[[ Provided information open ]]
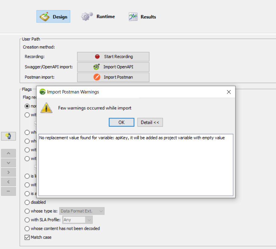 If NeoLoad can't use some items from your imported, it won't stop the import. You'll see a list of any items that couldn't be used at the end of the import.
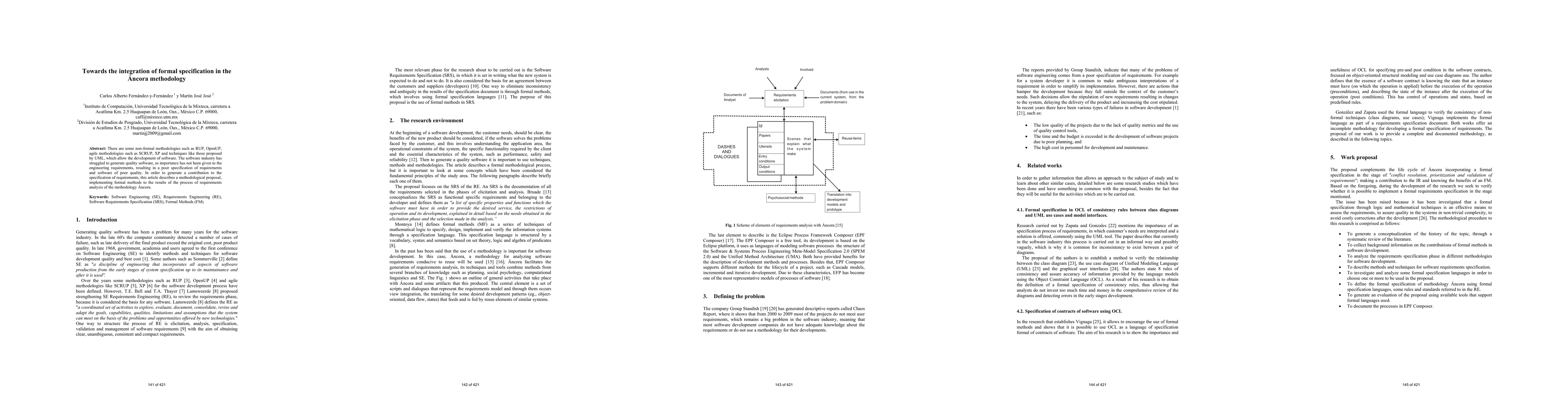 There are some non-formal methodologies such as RUP, OpenUP, agile methodologies such as SCRUP, XP and techniques like those proposed by UML, which allow the development of software. The software industry has struggled to generate quality software, as importance has not been given to the engineering requirements, resulting in a poor specification of requirements and software of poor quality. In order to generate a contribution to the specification of requirements, this article describes a methodological proposal, implementing formal methods to the results of the process of requirements analysis of the methodology \'Ancora.
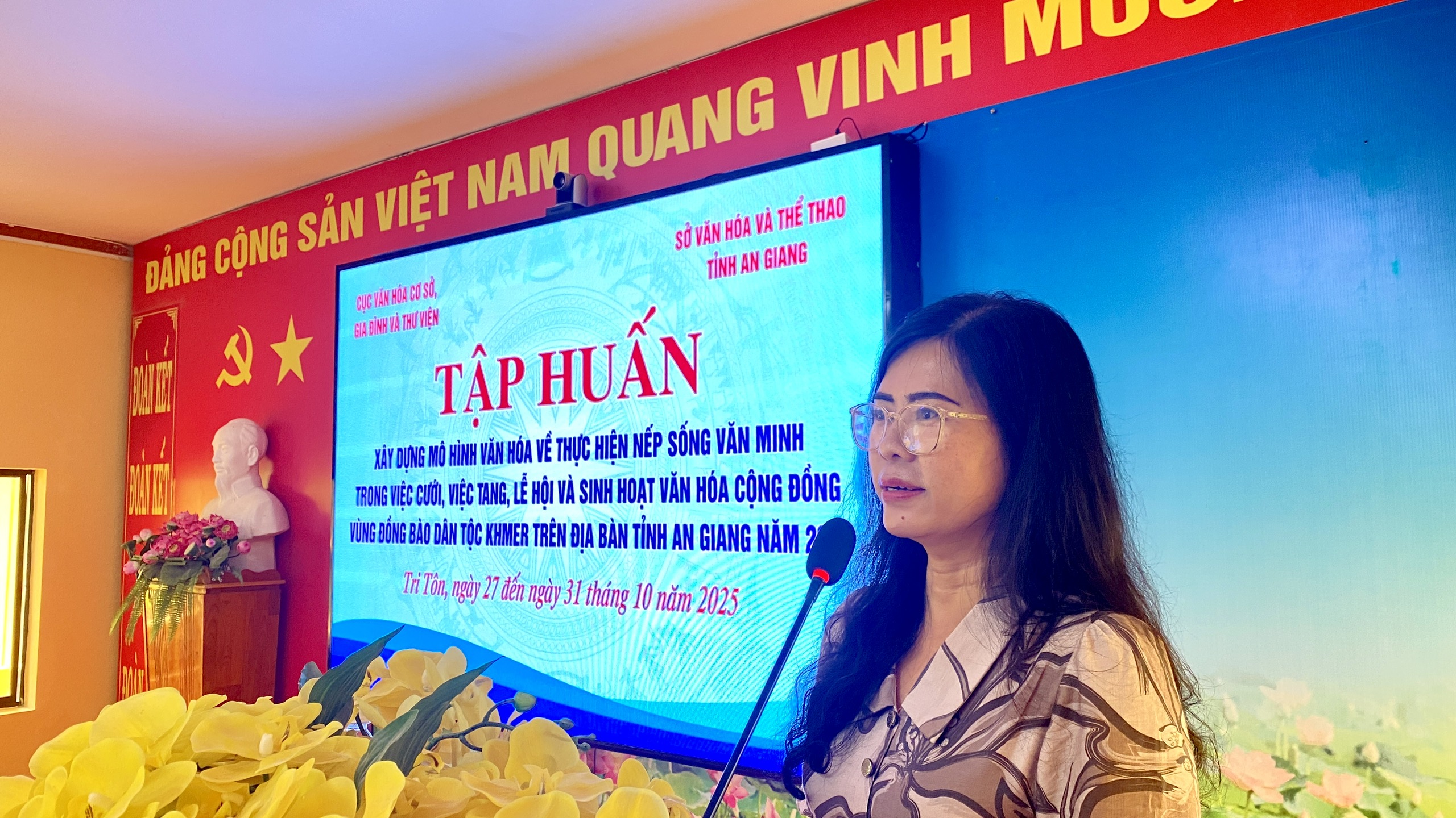 Từ ngày 27 đến 31/10/2025, Cục Văn hóa cơ sở, Gia đình và Thư viện phối hợp với Sở Văn hóa và Thể thao tỉnh An Giang tổ chức lớp tập huấn “Xây dựng và nhân rộng các mô hình văn hóa thực hiện nếp sống văn minh trong việc cưới, việc tang, lễ hội và sinh hoạt văn hóa cộng đồng vùng đồng bào dân tộc Khmer” tại xã Tri Tôn.
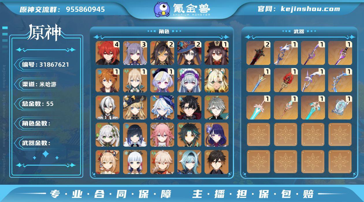 邮箱: 不送邮/死邮 总黄数: 55 冒险等级: 59 4命金色角色: 四命迪卢克 3命金色角色: 三命刻晴 2命金色角色: 二命莫娜,二命迪希雅 1命金色角色: 一命七七,一命达达利亚,一命琴,一命胡桃 0命金色角色: 枫原万叶,优菈,神里绫华,宵宫,可莉,钟离,魈,雷电将军,八重神子,夜兰,纳西妲,艾尔海森,莱欧斯利,芙宁娜,娜维娅,阿蕾奇诺,希诺宁,梦见月瑞希 2精武器: 狼的末路 1精武器: 雾切之回光,四风原典,阿莫斯之弓,天空之傲,天空之刃,天空之脊,护摩之杖,薙草之稻光,苍古自由之誓,冬极白星,若水
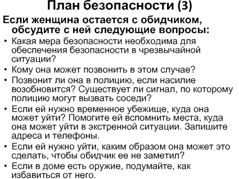 Если женщина остается с обидчиком, обсудите с ней следующие
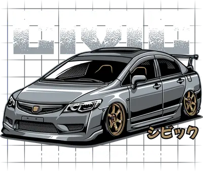 Stanced Honda Civic FD2 Power DTF Transfer - JDM Car Enthusiast Design
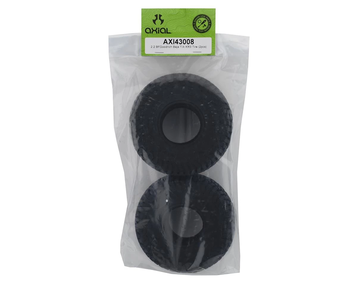 Axial BF Goodrich Baja T KR3 2.2″ Rock Crawler Tire. These tires are included as stock equipment on the RR10 Bomber 2.0 “Bomber Fabrication” model, and are molded in R35 compound rubber. Package includes two tires and two foam inserts.
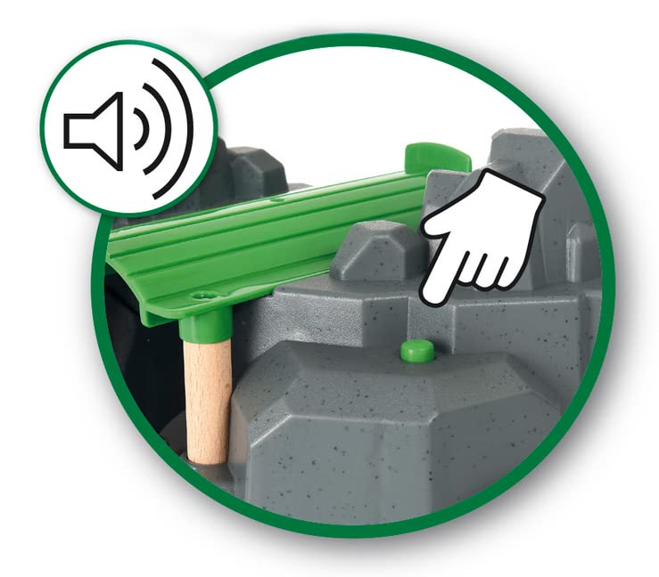 Product Description Every corner of the 33889 crane & mountain tunnel offers something new to discover. Crane and mountain top can be lifted off and placed on track separately for dual functionalities. In addition to the dual level railway passage and a majestic crane on top, four different sounds activate when the train is passing through the mountain. This crane and mountain tunnel is a treasure trove of playful function and design - you might even find some gold! Suitable for ages 3 years and up. Manufactured to BRIO high standards and from FSC certified wood. Each set is fully compatible with other BRIO sets, tracks and trains. BRIO products are made from very high quality plastic and beech wood from sustainable sources. The trains, wagons, carriages, and road vehicles all feature the classic BRIO magnetic couplings allowing for easy connection to each other. Set Contains: 1 x World Crane and Mountain Tunnel Playset
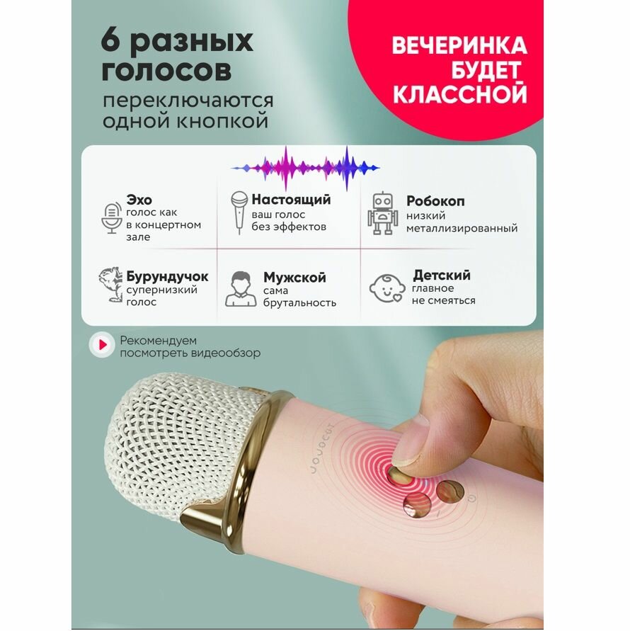 10 цен на Микрофон детский беспроводной караоке с колонкой JOJOCAT 6 голосов розовый
[[ Provided information closed ]]
Task brief: Starting at the first line of the material, output exactly the lines up to and including the one with "There are some". Do not include the pictures.

Answer area:
 If NeoLoad can't use some items from your imported, it won't stop the import. You'll see a list of any items that couldn't be used at the end of the import.
 There are some non-formal methodologies such as RUP, OpenUP, agile methodologies such as SCRUP, XP and techniques like those proposed by UML, which allow the development of software. The software industry has struggled to generate quality software, as importance has not been given to the engineering requirements, resulting in a poor specification of requirements and software of poor quality. In order to generate a contribution to the specification of requirements, this article describes a methodological proposal, implementing formal methods to the results of the process of requirements analysis of the methodology \'Ancora.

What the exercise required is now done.